Material provided:
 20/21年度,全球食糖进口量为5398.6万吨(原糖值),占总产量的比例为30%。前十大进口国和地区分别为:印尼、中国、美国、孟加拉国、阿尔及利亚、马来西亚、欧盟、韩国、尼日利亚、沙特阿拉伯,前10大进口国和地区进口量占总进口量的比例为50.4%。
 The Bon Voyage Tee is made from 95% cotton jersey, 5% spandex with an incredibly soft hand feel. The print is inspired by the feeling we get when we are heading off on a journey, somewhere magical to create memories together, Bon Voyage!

...

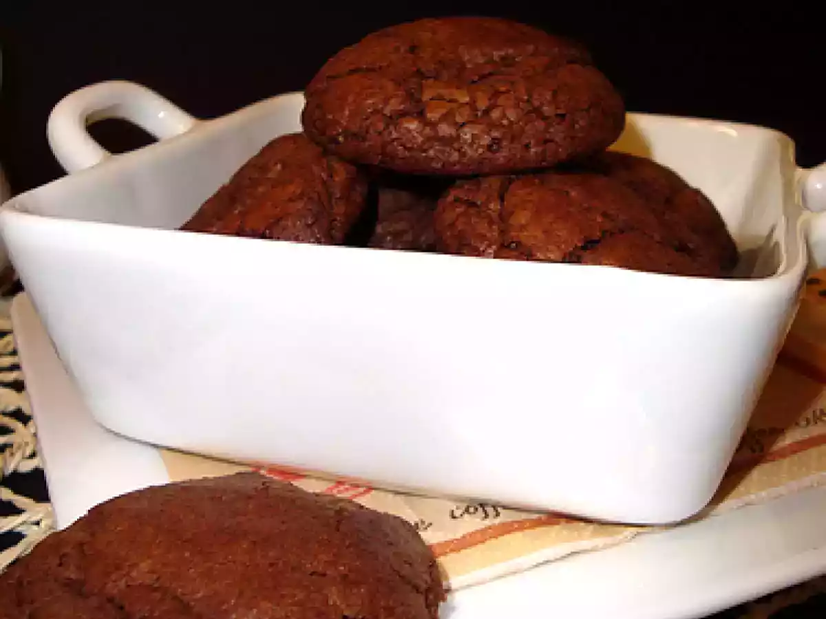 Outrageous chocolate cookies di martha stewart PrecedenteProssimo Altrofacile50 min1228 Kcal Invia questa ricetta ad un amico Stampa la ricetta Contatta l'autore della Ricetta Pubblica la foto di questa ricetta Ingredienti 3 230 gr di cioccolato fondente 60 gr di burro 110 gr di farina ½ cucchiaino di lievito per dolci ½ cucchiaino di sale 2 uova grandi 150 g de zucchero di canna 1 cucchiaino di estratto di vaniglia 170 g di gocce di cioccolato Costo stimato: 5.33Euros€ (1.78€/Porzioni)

Task to carry out:
Of all the entries above, retype exactly the lines from the line with "20/21年度,全球食糖进口" to the line with "The Bon Voyage", both included, and no others.

Result:
 20/21年度,全球食糖进口量为5398.6万吨(原糖值),占总产量的比例为30%。前十大进口国和地区分别为:印尼、中国、美国、孟加拉国、阿尔及利亚、马来西亚、欧盟、韩国、尼日利亚、沙特阿拉伯,前10大进口国和地区进口量占总进口量的比例为50.4%。
 The Bon Voyage Tee is made from 95% cotton jersey, 5% spandex with an incredibly soft hand feel. The print is inspired by the feeling we get when we are heading off on a journey, somewhere magical to create memories together, Bon Voyage!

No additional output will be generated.